The input of depth CTR model usually contains various classification variables, such as tags in user profiles, primary classification, secondary classification, etc. There are many values of these classification variables, such as tags, which may have hundreds of thousands of values. If one hot or multi hot is used to represent tags, tens of thousands of high-dimensional sparse vectors will be generated. In the depth CTR model, the embedding method is usually used to represent these classification variables with many values as a low-dimensional dense vector, and then input them into the network. The low-dimensional dense vector is called embedding of the classification variable, and the layer network that transforms the classification variable into embedding is called embedding layer. The following figure shows an example of how to use embedding method to represent the label in user’s portrait as a low-dimensional dense vector.
Figure 1 example of using embedding method to represent classified variables
First of all, we initialize a lookup table, which is a matrix (it can be fixed in advance, or it can be learned from the data and updated iteratively). The number of rows of the matrix is the number of values of the classification variables. In this example, it is the total number of labels. The number of columns of the matrix is the dimension of the low-dimensional dense vector (specified in advance). If the total number of tags is 10000, then the lookup table has 10000 lines, and the line I is the embedding corresponding to the tag number I. In the example above, the user has two labels with numbers of 308 and 4080 respectively and corresponding weights of 0.7 and 0.3. When calculating embedding, first take out the vectors of line 308 and line 4080 and record them as
And then we use 0.7 and 0.3 as the weight weighted sum of these two vectors to get the embedding of the user tag
In fact, using the above method to find embedding is the same as using the high-dimensional sparse vector obtained after inputting the classification variable one hot or multi hot to multiply by the lookup table, and the result is the same. The only difference is that using the way of summing the lookup table to do this matrix multiplication will be much more efficient. So, in essence, embedding does linear dimensionality reduction.
Fully connected layer
The full connection layer is the basic structure of MLP, which defines the nonlinear mapping relationship from the first layer to the first + 1 layer. Its main function is to make the model have the ability of nonlinear fitting, or the ability of learning feature intersection. Figure 2 shows a full connection diagram from layer 1 to layer 1 + 1.
Figure 2 Schematic diagram of full connection from the first floor to the first + 1 floor
The network structure of YouTube recall model
According to the user’s click history and image, the YouTube recall model calculates the user’s liking probability for each item in the item library, and returns the item with the highest TOPK probability as the recall list. In essence, the YouTube recall model is a super large-scale multi classification model, each item is a category, and the user’s characteristics are calculated through the user’s profile as the model input to predict the user’s favorite TOPK categories (TOPK items).
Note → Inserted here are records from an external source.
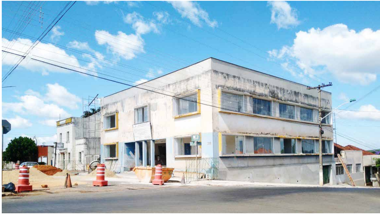
Ampla reforma do Prédio da Prefeitura de Buriti Alegre
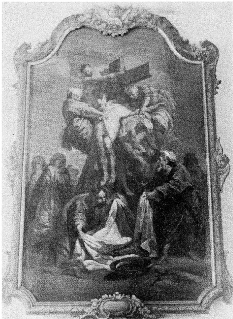
Bild 1. »Nedtagningen från korset». Lars Gottman (efter Jouvenet).
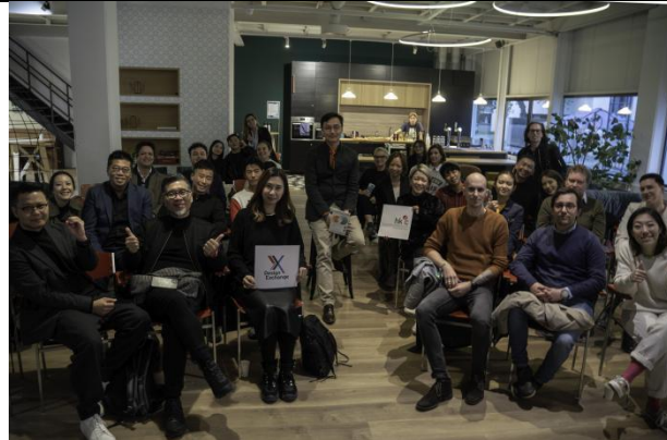
dX 设计对谈，通过主题式讨论，香港与荷兰两地交流和业界互动。
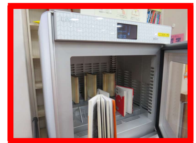
⑥とびらを開けて本を取り出してください。
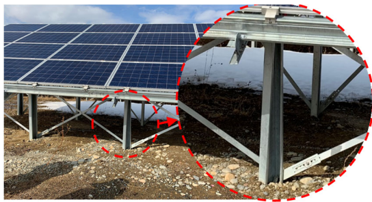
a) 支柱のねじれ挙動

近年、道東地域において凍上現状に起因すると思われる太陽光発電施設の被害（支柱のねじれ変形や、太陽光モジュールの反り）が相次いでいます（写真-1）。そこで、本公開実験では凍上量と部材応答の関係性を把握するため、支柱下端部に油圧ジャッキを設置し凍上を模擬した強制変位実験を実施します。
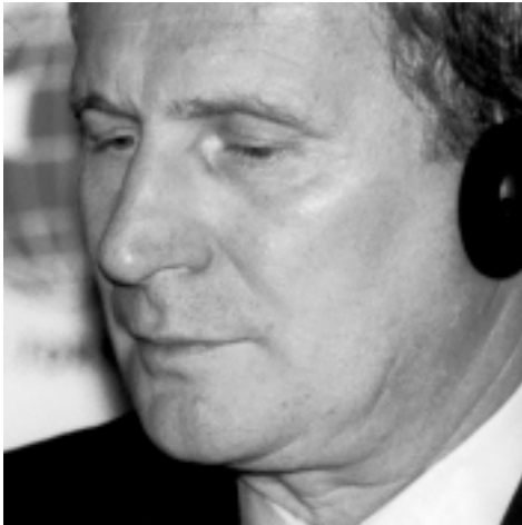
Zsigmont Jarai Prezes Narodowego Banku Węgier
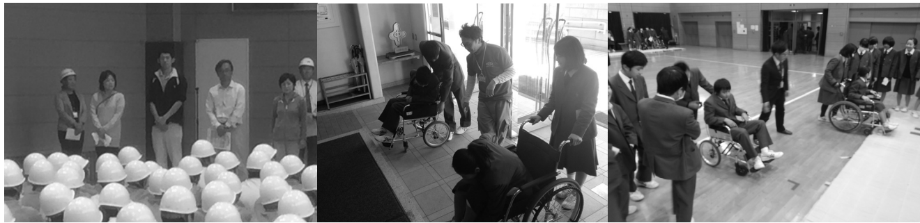
左(石川台中学校) 中、右(大森第十中学校) 地域包括支援センター上池台、山王リハビリクリニック、大田区福祉用具事業者連絡会(株)カラーズ、フランスベッド(株)メディカル、ヤマシタコーポレーション、(株)東基の方が講師として協力
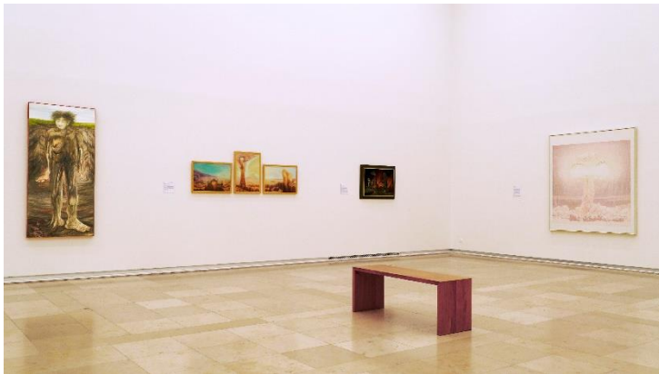
Installationsansicht aus der Ausstellung „Traum und Trauma“ mit Werken von Anton Lehmden, Kurt Melzer, Augustin Tschinkel und Ulrich Gansert
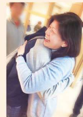
忠義基金會執行長

曾經，我們展開雙臂讓每一顆無處安放的受傷心靈停留於此，修復並成長。如今，在疫情尚未明朗化的此刻，渴盼各界持續與我們攜手守護：讓每一份想要長大的勇氣，無論現在未來，都能被妥善安放於獨一無二的人生舞台。
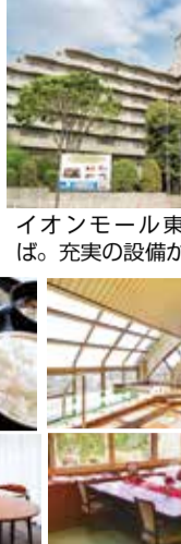
イオンモール東久留米そば。充実の設備が好評だ
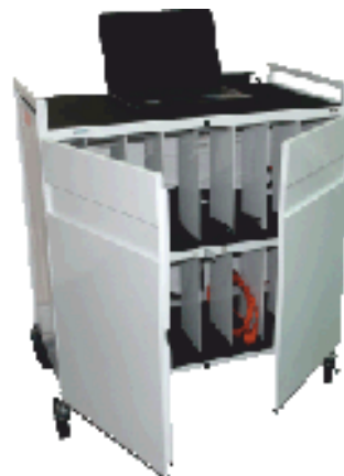
Сейф для хранения и зарядки нетбуков (ноутбуков)
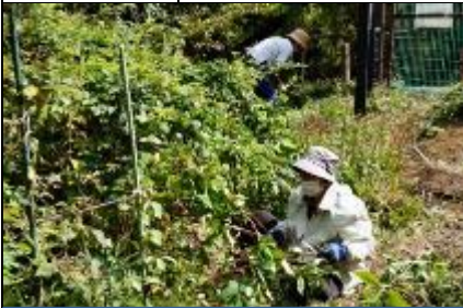
管理地入口付近の草刈り
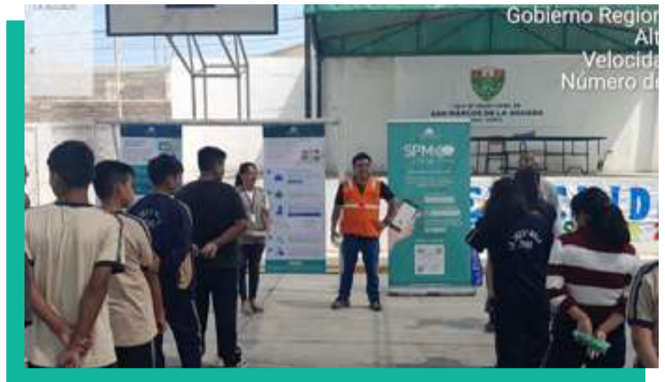
“Programa de Monitoreo Ambiental Participativo y Participación Ciudadana”: Taller Informativo dirigido a alumnos y profesores de la I.E.P. N° 20237
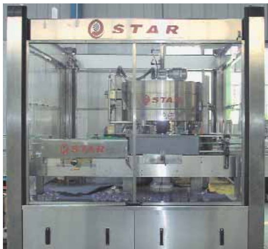
科时敏热熔胶贴标机产能高达每小时 24,000 到 48,000 瓶

控制上需要解决的主要问题是: 在高速条件下, 实时检测标签长度, 调整送标速度, 确保正确的切刀位置。采用 TwinCAT NC, 我们可以精确记录色标位置, 并通过高速工业以太网 EtherCAT 将此位置数据传送给控制器 CX1020, CX1020 计算出标签长度, 并修改 CAM 曲线。调整伺服电机送标速度, 实现准确送标。我们可将最终的送标精度控制在 0.01 mm 以内, 避免送标累计误差的出现。
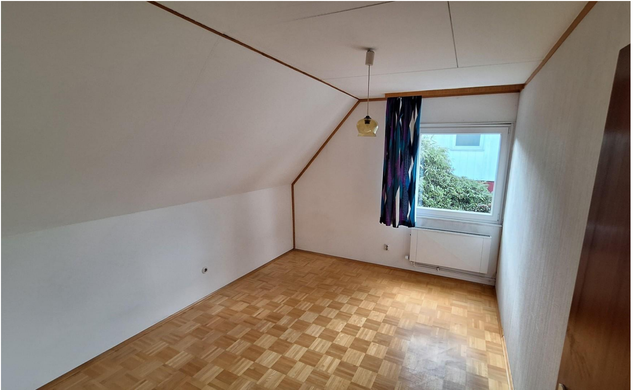
Zimmer 3 OG
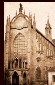
chrám Nanebevzetí P. Marie v Sedlci, 1865
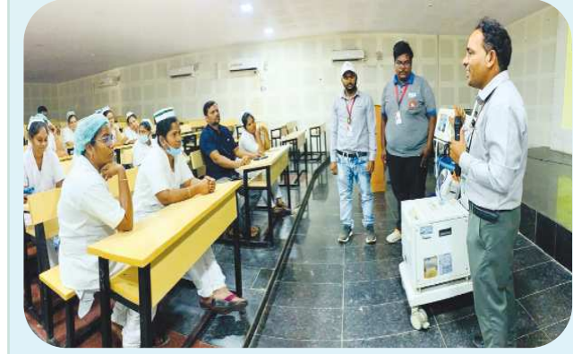
కార్పొరేషన్ ఒంగోలు, పెన్ పవర్ ఫిబ్రవరి 23
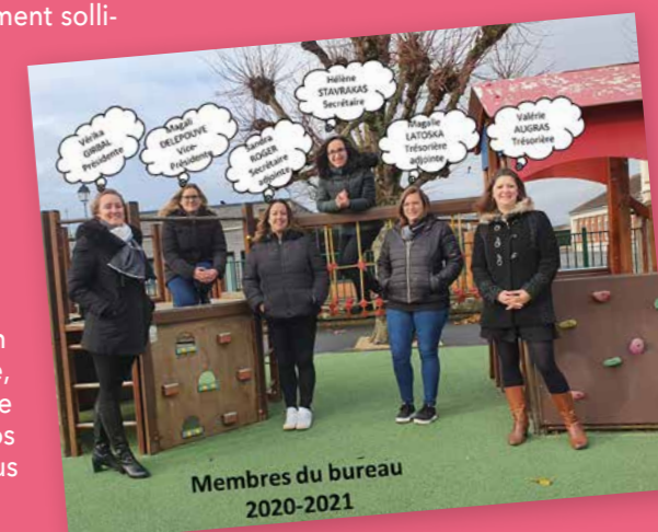
Membres du bureau 2020-2021
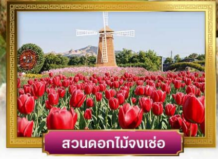
สวนดอกไม้จงเซ่อ
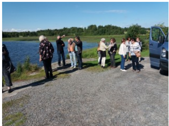
Ihailemme Pyhän Olavin kirkon maisemia
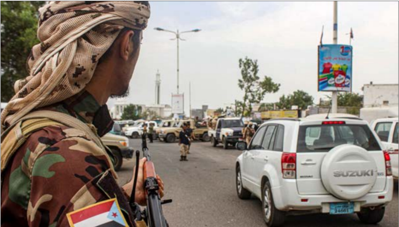
يعزو، «الانتقالي»، انسحابه إلى عدة أسباب، من بينها استمرار التصعيد العسكري

إزاء ذلك، يربط مراقبون بين قرار «الانتقالي» والأحداث الأخيرة في محافظة تعن، حيث استطاع حزب
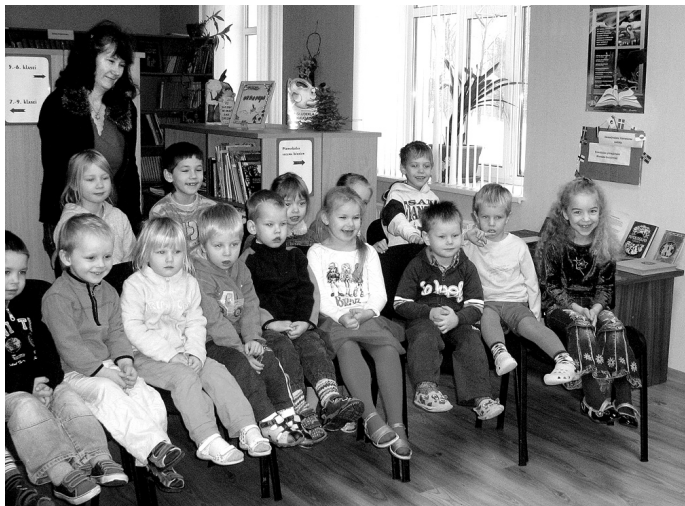
Mazie kurmenieši ar interesi noskatījās leļļu teātra izrādi «Pilsētas pele un lauku pele».
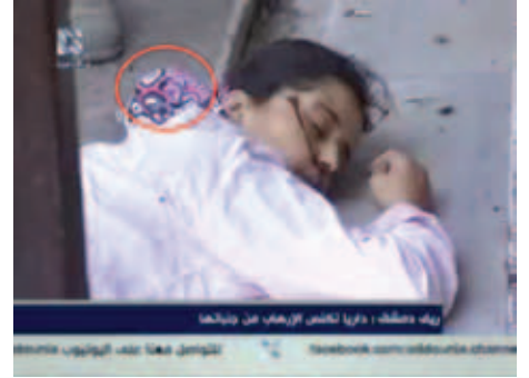
الفتاة الغربية التي تم قتلها بعد اغتصابها من قبل قوات الأسد

يتابع أبو علي حديثه: عندما نزلت الفتاة من الشقة بعد أن أخذها ذلك الجندي، كانت ثيابها ممزقة وكنزتها لا تستر كامل بطنها، وبعد أن توجهت إلى الضابط وتحدثت إليه، أشارت إلينا بأنهم يقتلون الناس خارج هذا الزقاق ثم صارت تبكي وتقول «اغتصبوني»...!!!
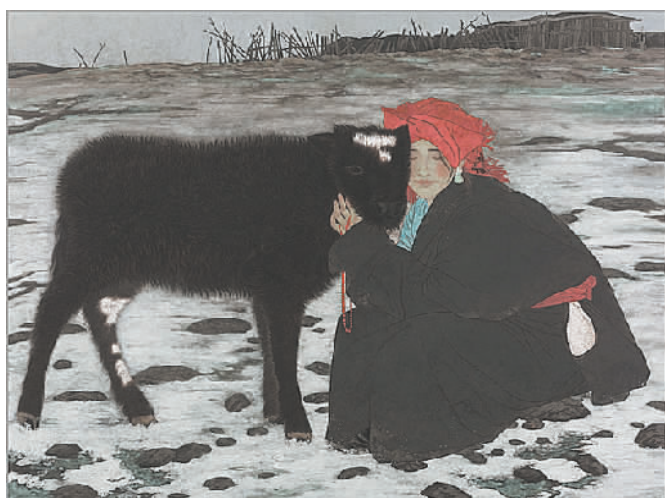
伙伴——家园(纸本设色) 【中国】孙震生

In the scenario of recall of main feeds, the user’s input mainly includes the following types of data:
(1) the user’s click history, including reading, liking, commenting, collecting and BIU articles;
(2) user’s interest profile, including user’s label, primary classification, secondary classification, etc;
(3) demographic characteristics of users, including gender, age, etc;
(4) the user’s context information, including the user’s region information, time period when accessing the recommendation system, etc;
It should be noted that the lookup table in our model is composed of word2vec vectors of the text segmentation, which is not updated in the training process. In the original paper of YouTube recall model, item is video, and item’s lookup table is learned. But in the picture and text recommendation scenario, if the article’s lookup table is learned, then there is no way to recall the latest articles. Only those articles that have appeared in the training samples can be recalled, which can not meet the needs of the new article recommendation. In order to recall the new article, we modify the original model, and directly use the word2vec vector of the article to construct the lookup table of the article, where the word2vec vector of the article is obtained by the weighted sum of the word vector of the article, and the word vector is learned and fixed by word2vec in advance. Every time a new article is put into storage, we can get its word2vec vector by weighted summation of the word vector of the article, and then save it. When the YouTube model is recalled online, whether calculating the user’s interest vector or calculating the inner product, we can get the direction of each article in real time, including the latest article, so as to meet the needs of the recall of the latest article.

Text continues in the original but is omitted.